About this task — From the line containing "購入させて頂いたオオクワガタ" to the line containing "Phase 1 of Riverfront" in the entries below, reproduce every line exactly, ends included. Nothing else belongs in the copy, and no pictures.

Supplied information —
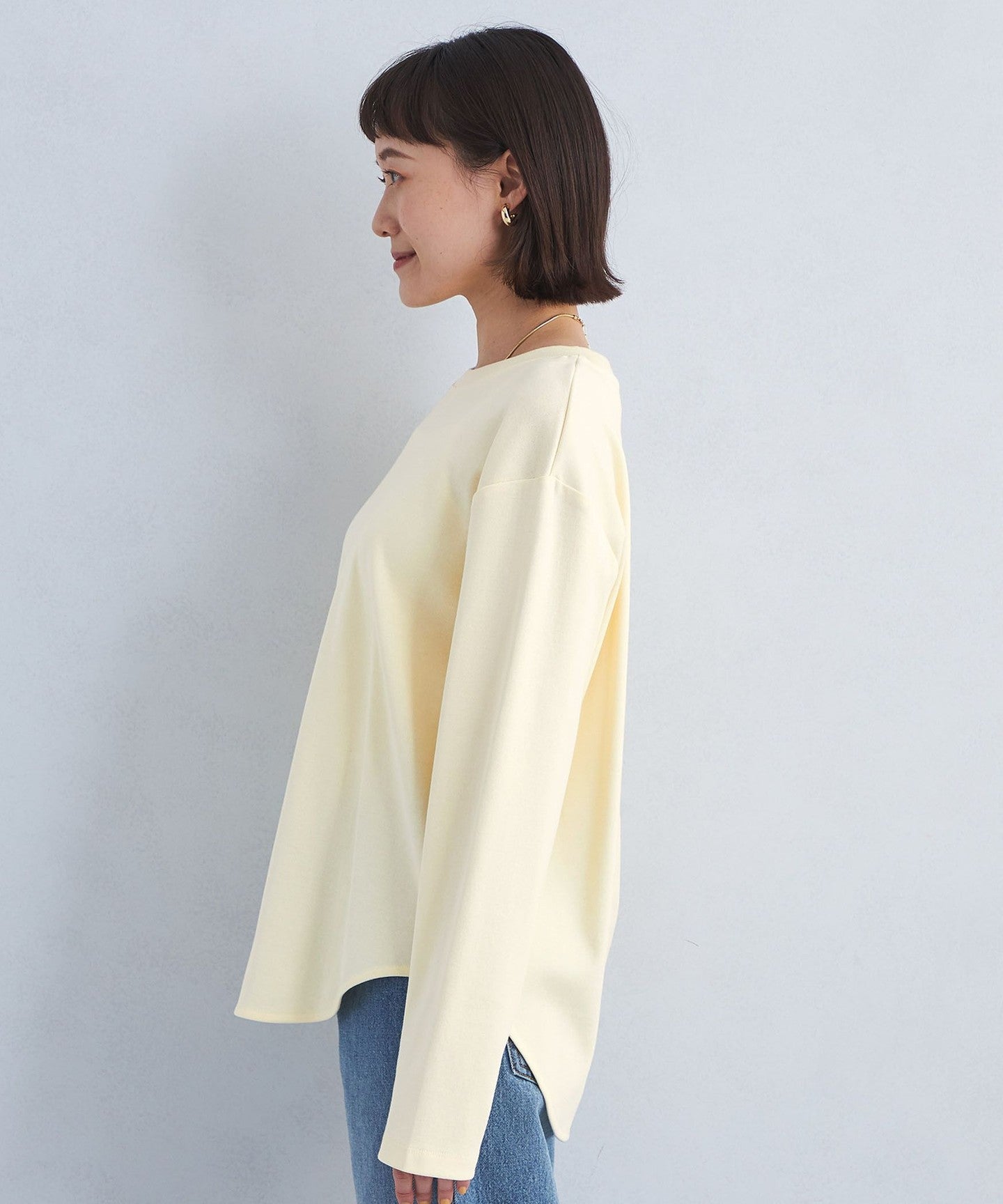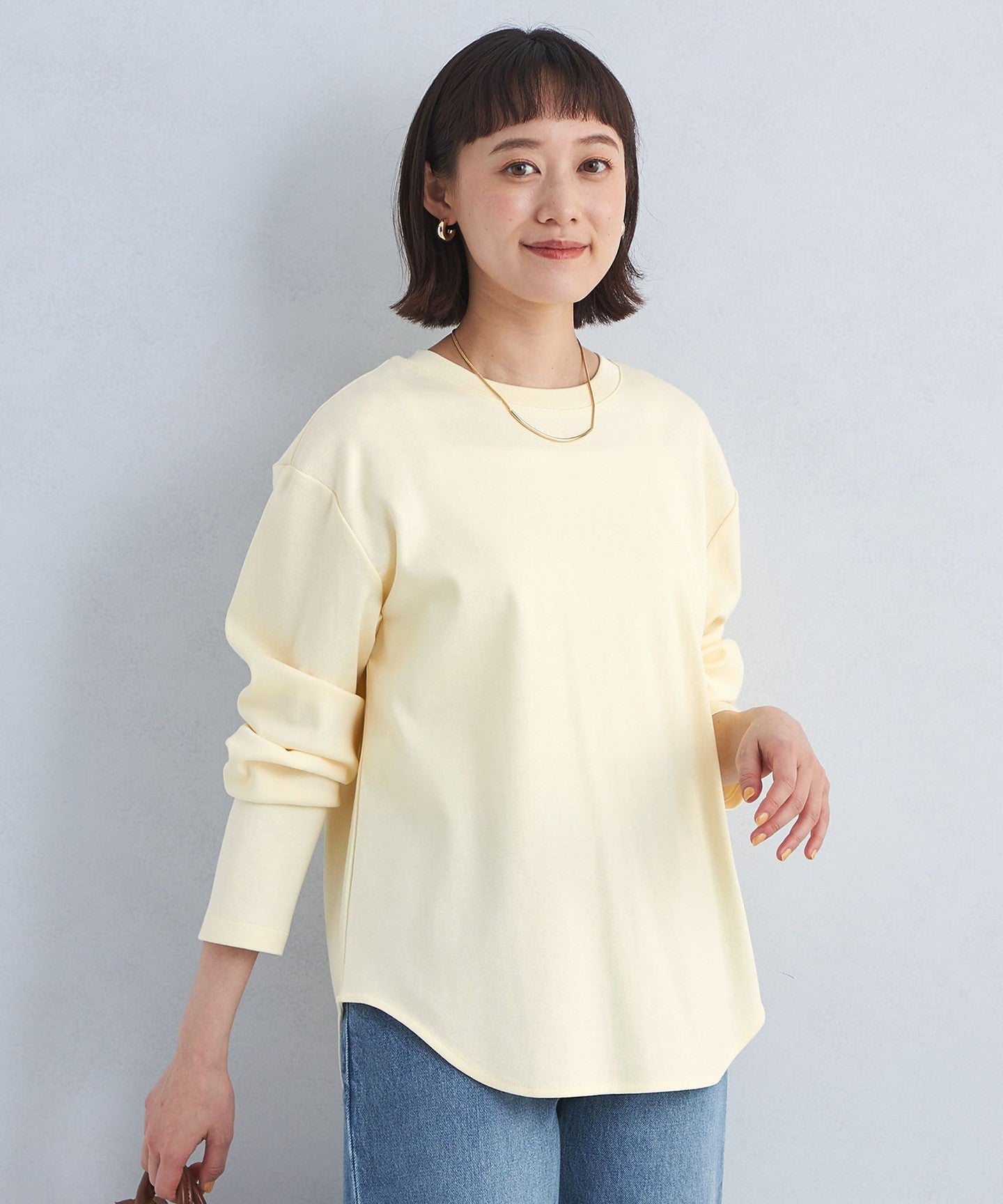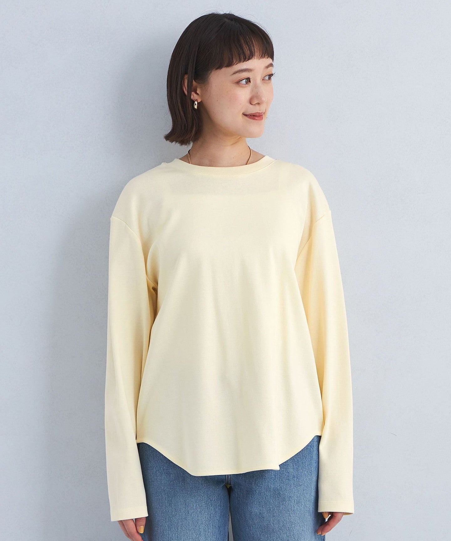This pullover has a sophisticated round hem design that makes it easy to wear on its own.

--

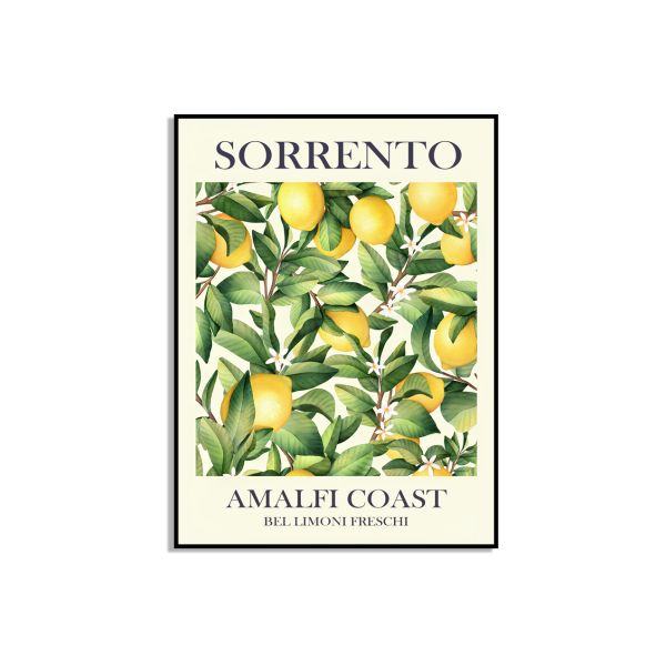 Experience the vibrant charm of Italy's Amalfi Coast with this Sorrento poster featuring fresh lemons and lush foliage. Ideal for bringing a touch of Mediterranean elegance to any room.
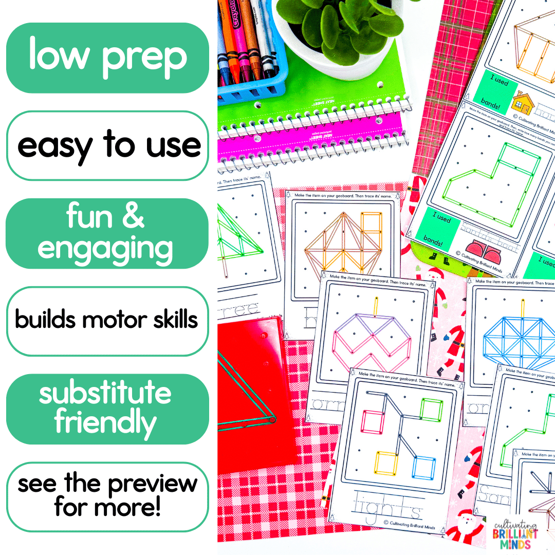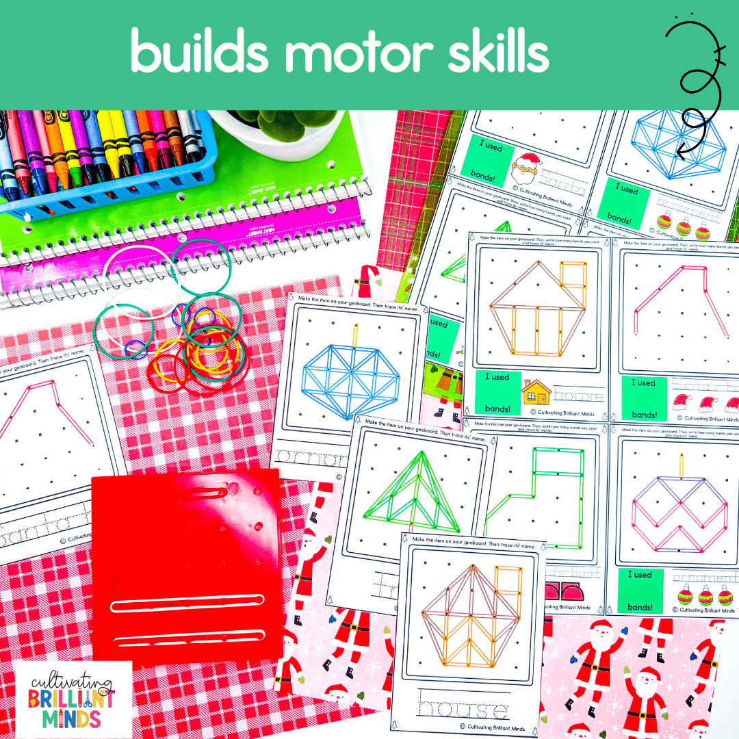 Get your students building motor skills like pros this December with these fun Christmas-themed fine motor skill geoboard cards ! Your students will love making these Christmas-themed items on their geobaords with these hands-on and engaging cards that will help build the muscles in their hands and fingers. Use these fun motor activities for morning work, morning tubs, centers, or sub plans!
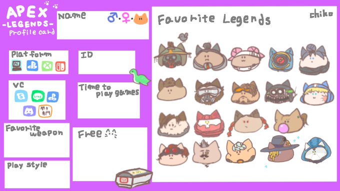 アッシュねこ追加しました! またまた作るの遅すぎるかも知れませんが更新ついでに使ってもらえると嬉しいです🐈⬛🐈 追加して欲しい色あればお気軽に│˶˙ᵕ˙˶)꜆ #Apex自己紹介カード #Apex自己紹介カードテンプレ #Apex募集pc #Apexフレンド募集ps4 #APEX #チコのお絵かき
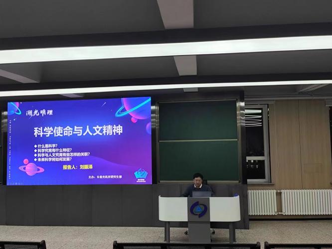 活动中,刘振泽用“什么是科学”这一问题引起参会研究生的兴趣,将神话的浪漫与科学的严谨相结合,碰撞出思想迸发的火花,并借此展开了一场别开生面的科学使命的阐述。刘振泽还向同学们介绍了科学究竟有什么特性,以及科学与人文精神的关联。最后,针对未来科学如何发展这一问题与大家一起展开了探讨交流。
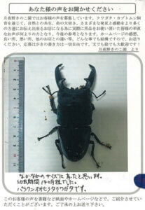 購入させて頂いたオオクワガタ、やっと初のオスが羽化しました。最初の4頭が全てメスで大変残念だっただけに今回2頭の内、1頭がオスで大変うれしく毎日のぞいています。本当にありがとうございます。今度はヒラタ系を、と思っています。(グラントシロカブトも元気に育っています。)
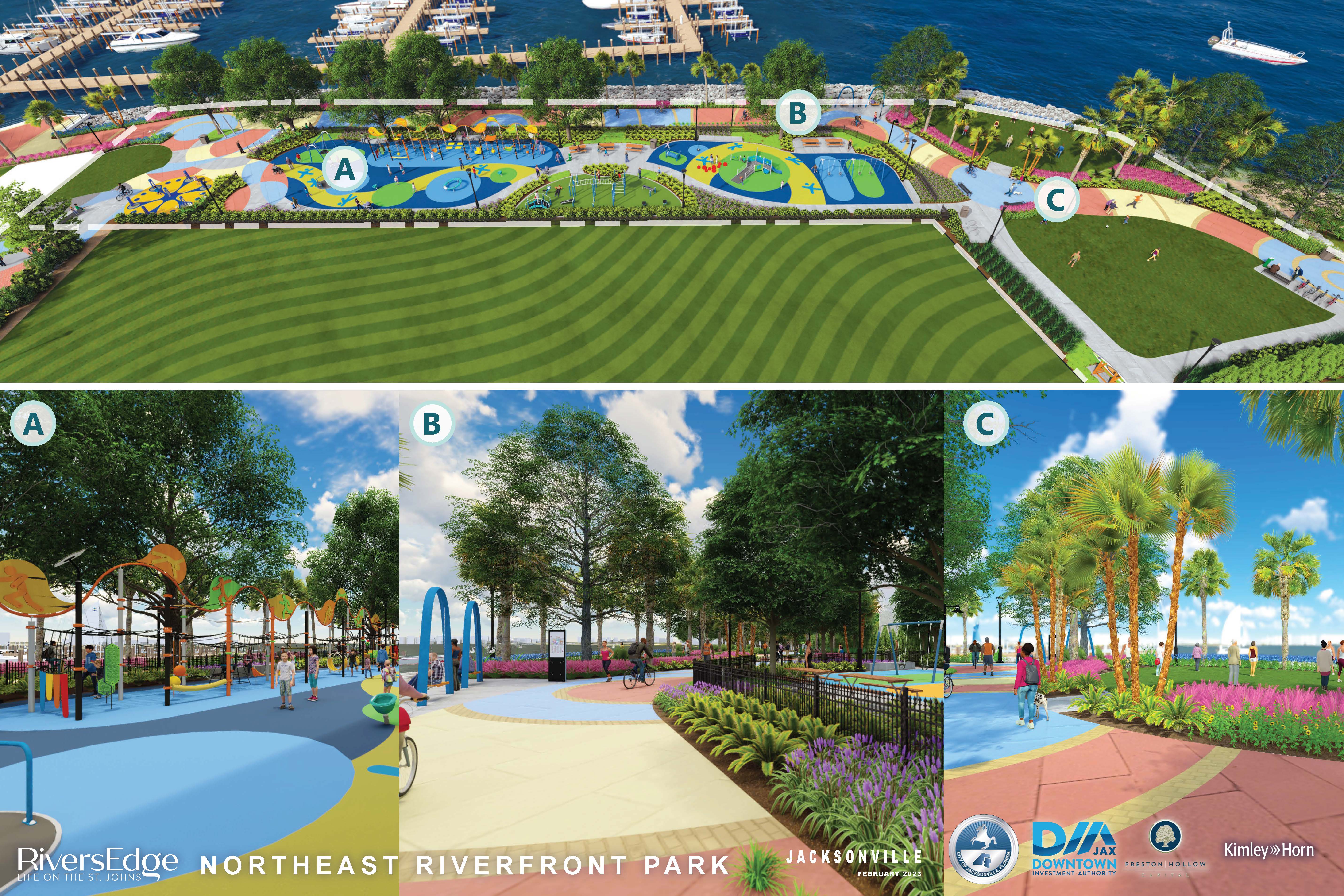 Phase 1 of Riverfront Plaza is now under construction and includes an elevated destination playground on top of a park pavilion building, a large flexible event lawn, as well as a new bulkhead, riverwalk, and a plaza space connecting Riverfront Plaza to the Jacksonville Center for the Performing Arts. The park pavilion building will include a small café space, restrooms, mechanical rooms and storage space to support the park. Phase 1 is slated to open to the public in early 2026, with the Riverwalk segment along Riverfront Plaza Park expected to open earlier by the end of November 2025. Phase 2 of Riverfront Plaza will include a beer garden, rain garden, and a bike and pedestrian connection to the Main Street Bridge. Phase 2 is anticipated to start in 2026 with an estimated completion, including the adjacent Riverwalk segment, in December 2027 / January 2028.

Output for this exercise —
 購入させて頂いたオオクワガタ、やっと初のオスが羽化しました。最初の4頭が全てメスで大変残念だっただけに今回2頭の内、1頭がオスで大変うれしく毎日のぞいています。本当にありがとうございます。今度はヒラタ系を、と思っています。(グラントシロカブトも元気に育っています。)
 Phase 1 of Riverfront Plaza is now under construction and includes an elevated destination playground on top of a park pavilion building, a large flexible event lawn, as well as a new bulkhead, riverwalk, and a plaza space connecting Riverfront Plaza to the Jacksonville Center for the Performing Arts. The park pavilion building will include a small café space, restrooms, mechanical rooms and storage space to support the park. Phase 1 is slated to open to the public in early 2026, with the Riverwalk segment along Riverfront Plaza Park expected to open earlier by the end of November 2025. Phase 2 of Riverfront Plaza will include a beer garden, rain garden, and a bike and pedestrian connection to the Main Street Bridge. Phase 2 is anticipated to start in 2026 with an estimated completion, including the adjacent Riverwalk segment, in December 2027 / January 2028.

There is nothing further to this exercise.